屋内にはゴキブリなどの徘徊性害虫も棲息していることから、さらに、床等に落下した噴霧粒子によりゴキブリなどの徘徊性害虫をも防除できる害虫防除用スプレーも求められていた。
【0006】
そこで本発明らは、鋭意検討した結果、徘徊性害虫に対しより優れた防除効力を有する屋内害虫防除用スプレーを提供することを課題とする。
【課題を解決するための手段】
【0007】
本発明者らは、かかる課題を解決すべく鋭意検討した結果本発明に至った。すなわち本発明は、
[1]ピレスロイド系化合物、界面活性剤、水と、メントール、ピネンおよびリモネンから選ばれる少なくとも一種とを含む屋内害虫防除用スプレー。
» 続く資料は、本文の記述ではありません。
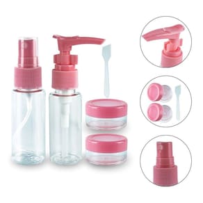Contem: 01 - frasco spray com tampa 35ml 01 - frasco pump bico de pato com trava 35ml 01 - mini potes com tampa 01 - mini colher chanfrada lisa Nosso kit para viagens ou dia a dia, composto por cinco itens essenciais, ele é ideal para ser utilizado como porta álcool em gel, cremes, sabonetes e itens de higiene do dia a dia para te acompanhar em todos os lugares, ocupando pouco espaço na sua bolsa, mala ou necessaire. Um spray multifuncional que pode ser de diversas formas, com líquidos e muito mais. Com um design elegante e prático, ele é fácil de usar e perfeito para manter a higiene durante suas viagens, e o dia a dia, acompanha tampa. O pump bico de pato possui um design inovador e prático, este frasco pump é perfeito para líquidos como shampoo, condicionador ou sabonete. O bico de pato facilita a dosagem, evitando desperdícios e tornando o uso ainda mais conveniente, acompanha trava para a ponta, evitando desperdícios. Dois potes pequenos com tampa super segura e vedada, servem para comportar pequenas doses de cremes, esfoliantes, produtos com maior densidade e muito mais, sendo versátil, ele acompanha uma mini colher chanfrada lisa que te auxiliará a pegar ou armazenar os itens dentro do portinho Com esse kit, você estará pronta para qualquer aventura, mantendo tudo organizado e com um toque de charme rosa Características principais: - fácil de limpar; - pequenos; - leves; - frascos reutilizáveis; - mini colher para pegar ou armazenar os itens; - potes com tampa segura; - evita desperdícios e vazamentos; - design seguro; - material resistente e firme. Medidas: Spray: 10,5 x 2,7 x 2,7 centímetros  a x l x p . 35ml. Pump: 11 x 3 x 3 centímetros  a x l x p . 35ml. Mini pote: 2 x 3,7 x 3,7 centímetros  a x l x p . Mini colher: 8 x 1,5 x 0,1 centímetros  a x l x p . Boas compras ;

[2]ピレスロイド系化合物、界面活性剤、水と、メントール、ピネンおよびリモネンから選ばれる少なくとも一種との合計重量に対するメントール、ピネンおよびリモネンから選ばれる少なくとも一種の重量が0.01~1重量%である上記の屋内害虫防除用スプレー。
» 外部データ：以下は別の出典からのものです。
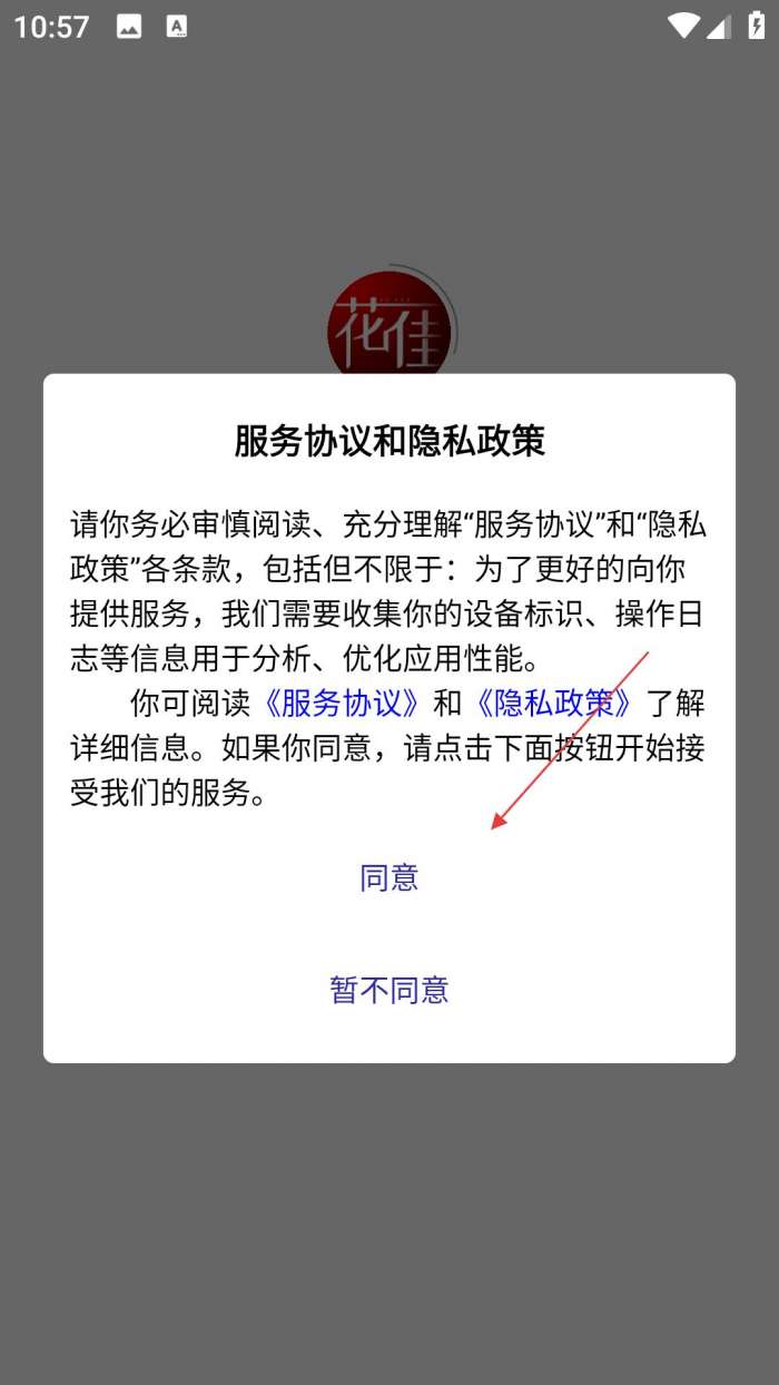 1、下载安装完成后进入,需在用户协议和隐私政策界面点击同意,接受相关条款后才能进入应用。

[3]害虫が徘徊性害虫である上記の屋内害虫防除用スプレー。
[4]害虫がゴキブリ目害虫である上記の屋内害虫防除用スプレー。
[5]害虫の徘徊地域に噴霧塗付して使用される上記の屋内害虫防除用スプレー。
を提供する。
【発明の効果】
【0008】
本発明によれば、屋内に棲息する徘徊性害虫を効率よく防除することが可能となる。
【発明を実施するための形態】
【0009】
本発明の屋内害虫防除用スプレーに用いられるピレスロイド系化合物としては、エトフェンプロックス、フェノトリン、プラレトリン、フタルスリン、イミプロトリン、レスメトリン、ペルメトリン、シフェノトリン、トラロメトリン、トランスフルトリン、メトフルトリン、アレスリン、ビフェントリン、シラフルオフェン、シフルトリン、シハロトリン、プロフルトリン、モンフルオロトリン、エンペントリン、デルタメトリン、ピレトリンが挙げられる。このうちエトフェンプロックス、フェノトリンおよびピレトリンを用いることが好ましい。
【0010】
本発明の屋内害虫防除用スプレーに用いられる界面活性剤としては、例えばグリセリン脂肪酸エステル、オレイン酸ソルビタン、ステアリン酸ソルビタン、パルミチン酸ソルビタン等のソルビタン脂肪酸エステルなどが挙げられる。
【0011】
本発明の屋内害虫防除用スプレーには、メントール、ピネンおよびリモネンから選ばれる一種が用いられる。なお、メントール、ピネンおよびリモネンには異性体が存在するが、これらも本発明に含まれる。
【0012】
本発明の屋内害虫防除用スプレーに含まれるメントール、ピネンおよびリモネンから選ばれる一種の重量は、ピレスロイド系化合物、界面活性剤、水と、メントール、ピネンおよびリモネンから選ばれる少なくとも一種との合計重量に対し0.01~1重量%である。また水の重量は、ピレスロイド系化合物、界面活性剤、水と、メントール、ピネンおよびリモネンから選ばれる少なくとも一種との合計重量に対し88重量%以上とすることにより、床等の汚染を抑制することができる。
【0013】
本発明の屋内害虫防除用スプレーには、さらに他の成分を含有させてもよく、例えば、アルコール類、防腐剤、殺菌剤、防黴剤、消臭剤、pH調整剤、キレート剤及び香料などが挙げられる。前記アルコール類としては、エタノール、イソプロピルアルコールなどの1価アルコール、ソルビトール、プロピレングリコール、グリセリン、1,3-ブチレングリコール、ジプロピレングリコールなどの多価アルコールが挙げられる。また前記防腐剤としては、ユーカリオイル、フェノキシエタノール、メチルパラベンなどのパラベン類が挙げられる。
【0014】
本発明の屋内害虫防除用スプレーに使用されるスプレー容器としては、トリガースプレー容器、フィンガースプレー容器等のハンドスプレー容器が挙げられる。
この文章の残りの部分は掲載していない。